Bagging is an ensemble method used to reduce the variance of an estimator. Here the objective is to create several subsets of data from training sample chosen randomly with replacement. Each collection of subset data is used to train their decision trees. As a result, we get an ensemble of different models. Average of all the predictions from different trees are used which is more robust than a single decision tree classifier.

# Bagging Classifier


Bagging classifier is an ensemble meta-estimator that fits base classifiers each on random subsets of the original dataset and then aggregate their individual predictions (either by voting or by averaging) to form a final prediction. Such a meta-estimator can typically be used as a way to reduce the variance of a black-box estimator (e.g., a decision tree) by introducing randomization into its construction procedure and then making an ensemble out of it.

In [4]:
import pandas as pd
from sklearn.model_selection import train_test_split
from sklearn.feature_extraction.text import CountVectorizer
from sklearn.metrics import accuracy_score, precision_score, recall_score, f1_score


# Reading the dataset
df = pd.read_csv('smsspamcollection.txt',sep='\t',header=None,names=['label', 'sms_message'])

# labelling the values
df['label'] = df.label.map({'ham':0, 'spam':1})

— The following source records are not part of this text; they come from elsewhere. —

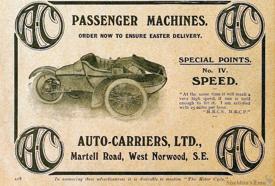 In 1907 a passenger version appeared named the Auto-Carrier Sociable. It had a seat in place of the cargo box.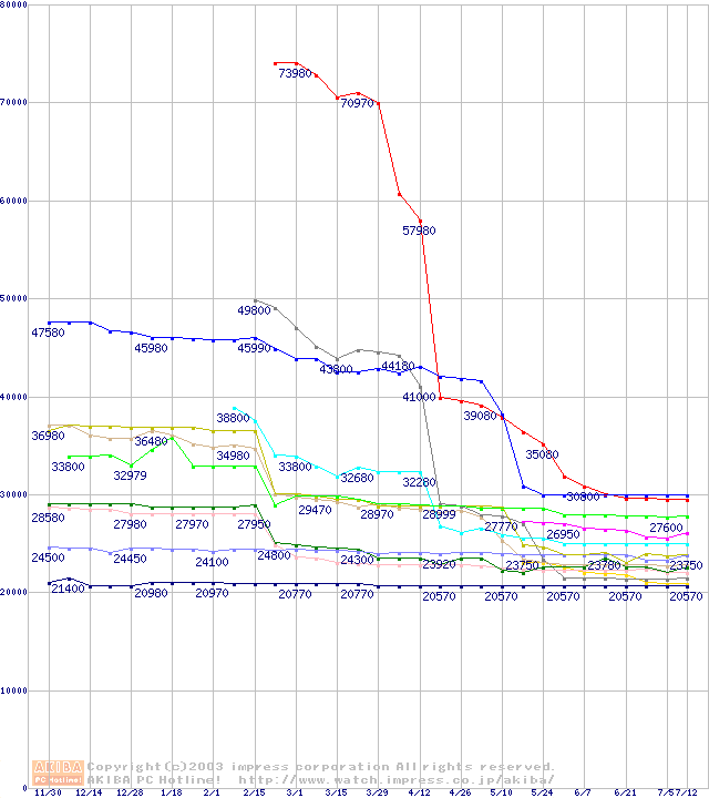 CPU主要製品(最安値2万円~3万円未満)の最安値推移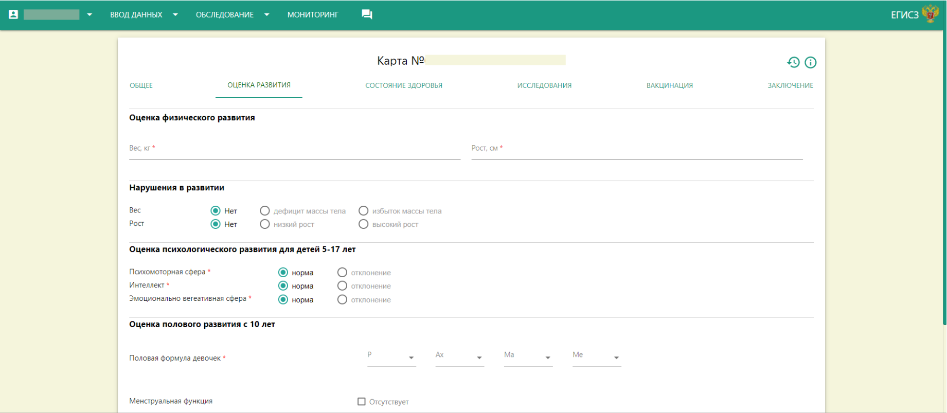 Рисунок 16 – Карта диспансеризации, вкладка «Оценка развития» для детей 5-17 лет (при выполнении условий, что ребенок женского пола в возрасте старше 10 лет)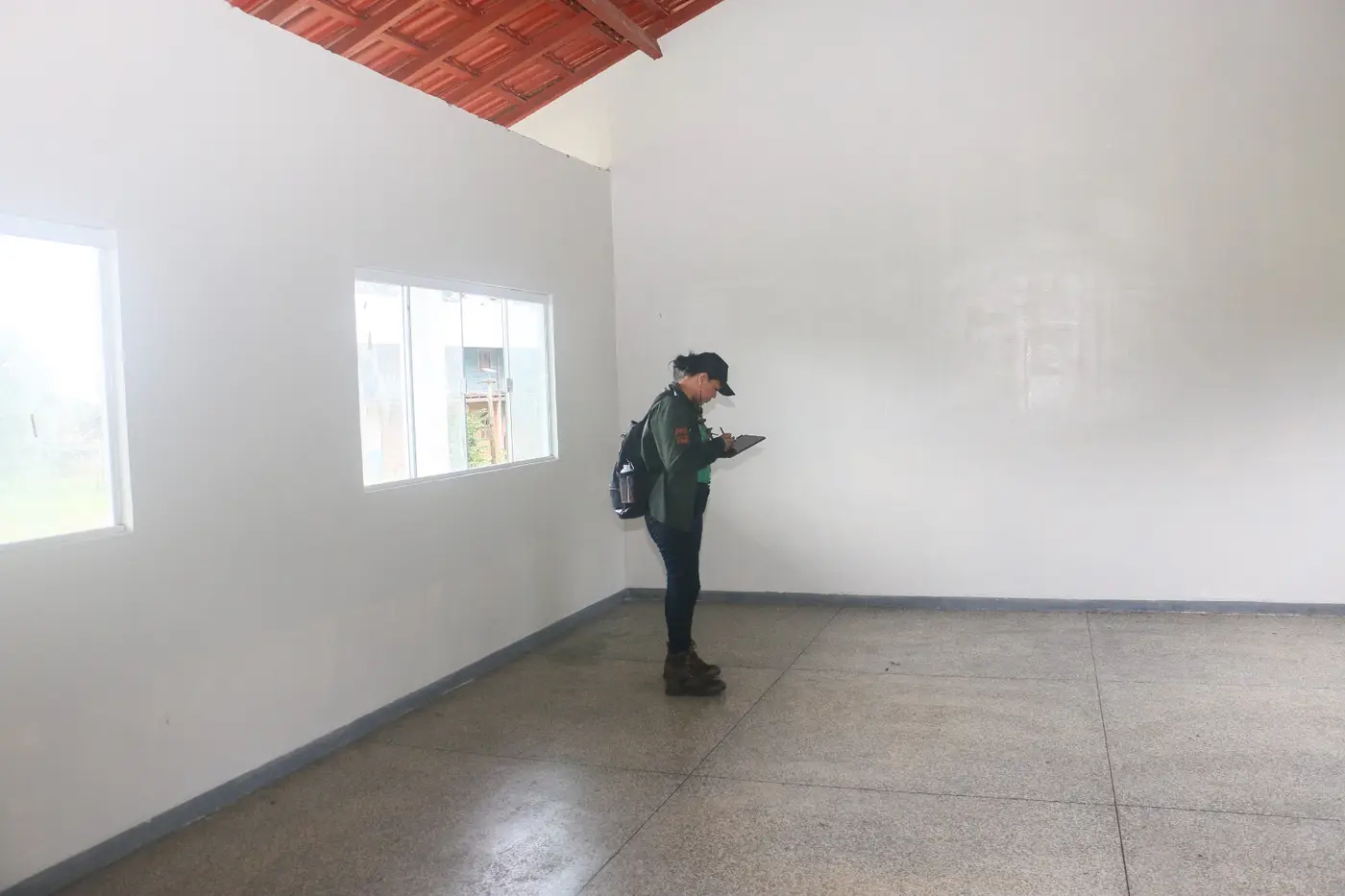 Secretária Sonia Jeanjacque vistoriando as obras da escola que será entregue para a população indígena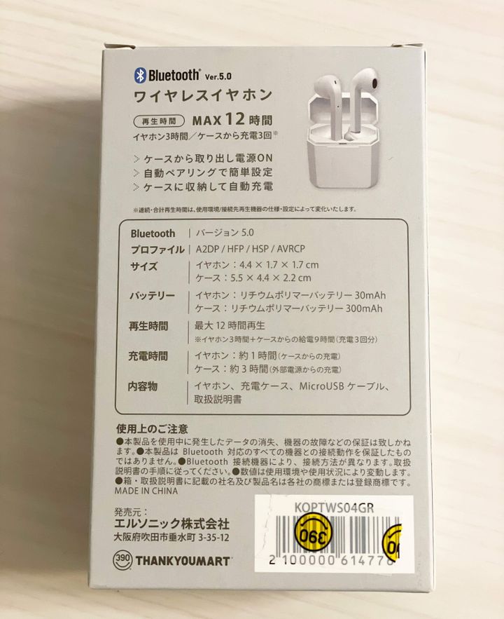 サンキューマートは店内全品390円(+税)のバラエティショップです。少しいい商品はその2倍のお値段で販売されています。こちらのワイヤレスイヤホンは、2倍の価格858円(税込)でした。色の展開は、ホワイト・ブルー・ピンク・グレーの4色です。(クマのシールは子供がカスタマイズして貼り付けました)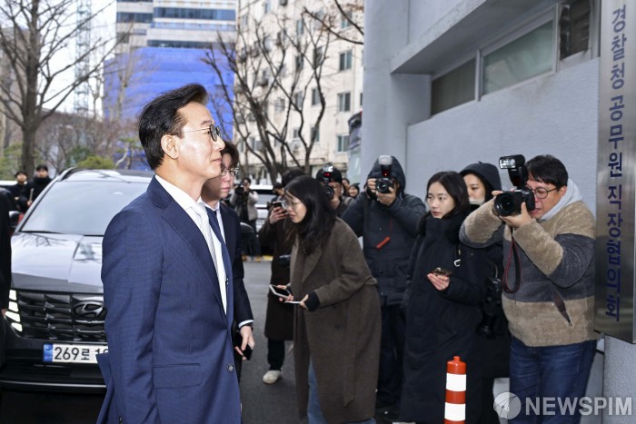 [서울=뉴스핌] 이길동 기자 = 통일교로부터 금품 수수 의혹을 받고 해양수산부 장관직을 내려놓은 전재수 더불어민주당 의원이 19일 오전 서울 서대문구 경찰청에 피의자 신분으로 출석하고 있다. 전 의원은 2018년 무렵 통일교 측으로부터 현금 2000만원과 1000만원 상당의 고가 시계를 수수한 혐의 등을 받고 있다. 2025.12.19 gdlee@newspim.com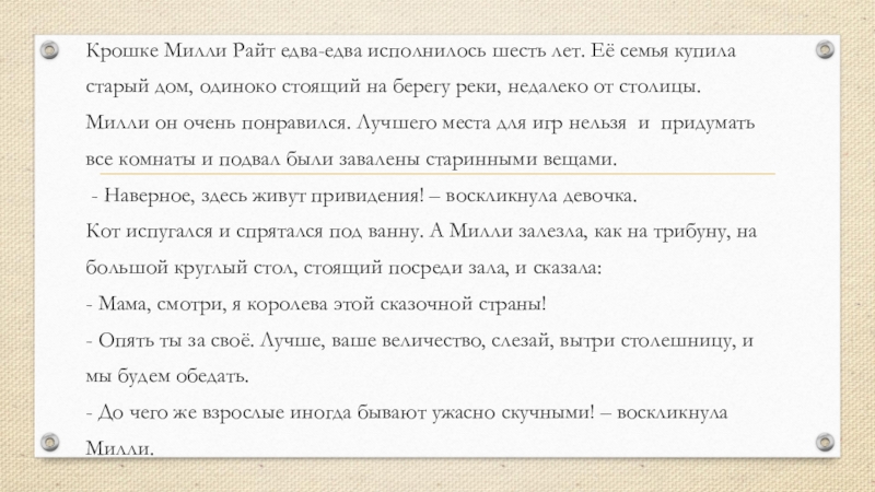 Слайд 11Крошке Милли Райт едва-едва исполнилось шесть лет. Её семья купила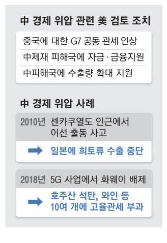 2일 니혼게이자이신문(닛케이)에 따르면 미국은 G7 회원국에 뜻을 같이하는 국가·지역에서 중국의 경제적 위압에 공동 대처하기 위해 실무급 협의를 요청했다. 특히 이 문제를 올해 5월 히로시마에서 열리는 G7 정상회의의 주요 의제로 상정하자고 요청하고, 의장국 일본과 협의를 진행하고 있다. 중국은 자국의 거대한 경제력을 외교 카드로 이용하는 움직임을 강화해왔다. 중국은 2010년 중·일 영유권 분쟁 지역인 센카쿠열도(중국명 댜오위다오) 인근에서 어선 출동 사고가 발생해 양국 관계가 나빠지자 일본에 희토류 수출을 중단한 바 있다. 또 호주 정부가 2018년 미국과 보조를 맞춰 5세대(5G) 통신망 사업에서 화웨이 참여를 배제하자 중국은 호주산 석탄과 와인, 소고기, 보리 등 10여 개 제품에 고율 관세를 부과했다.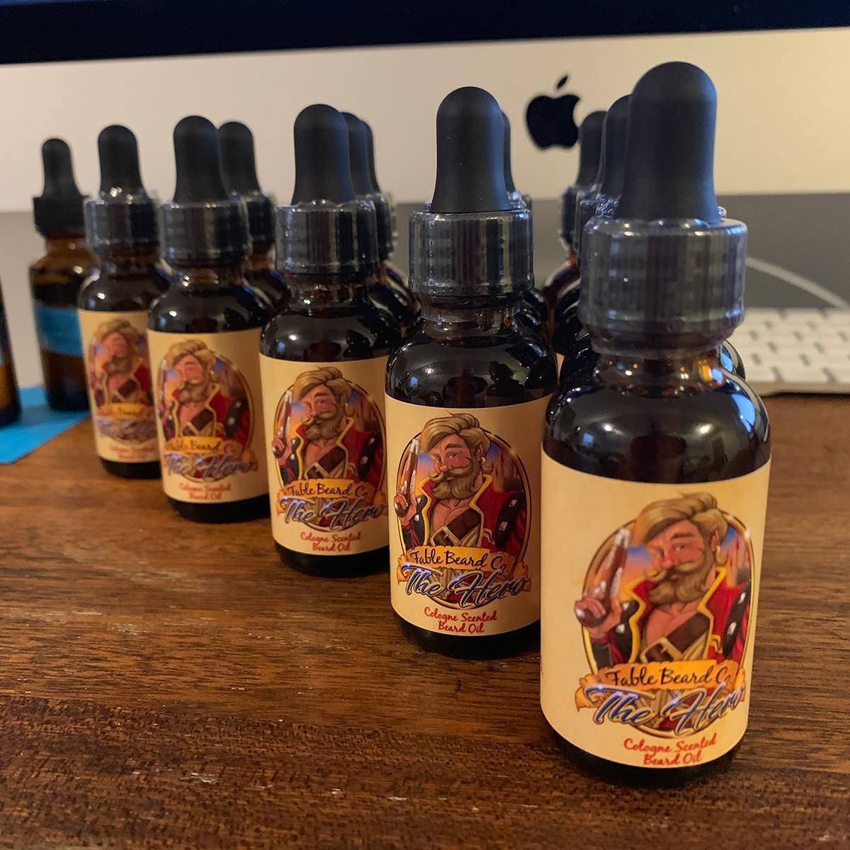 Each of Fable Beard Co.’s product lines is named after a character archetype. If you’re not a nerd like me and Collin, an archetype is merely a typical character. In this case, the archetypes are the typical characters you’d see in most fantasy novels or games: the hero, the archer, the scribe, etcetera. Fable Beard Co. currently has 10 characters representing a wide range of product lines, from coffee scented beard oils to woodsy smelling axes waxes.

# Splitting the dataset into training and testing data
X_train, X_test, y_train, y_test = train_test_split(df['sms_message'], 
                                                    df['label'], 
                                                    random_state=1)

# Instantiating the CountVectorizer method
count_vector = CountVectorizer()

# Fitting the training data and returning the matrix.
training_data = count_vector.fit_transform(X_train)

# Transforming testing data and returning the matrix.
testing_data = count_vector.transform(X_test)

In [5]:
# Importing the Bagging Classifier
from sklearn.ensemble import BaggingClassifier

# Instantiating a BaggingClassifier with 210 weak learners.
bag_mod = BaggingClassifier(n_estimators=210)


# Fitting your BaggingClassifier to the training data
bag_mod.fit(training_data, y_train)


# Predicting using BaggingClassifier on the test data
bag_preds = bag_mod.predict(testing_data) 

In [6]:
# Scoring the model
print('Accuracy score: ', format(accuracy_score(y_test, bag_preds)))
print('Precision score: ', format(precision_score(y_test, bag_preds)))
print('Recall score: ', format(recall_score(y_test, bag_preds)))
print('F1 score: ', format(f1_score(y_test, bag_preds)))

Accuracy score:  0.9741564967695621
Precision score:  0.9116022099447514
Recall score:  0.8918918918918919
F1 score:  0.9016393442622951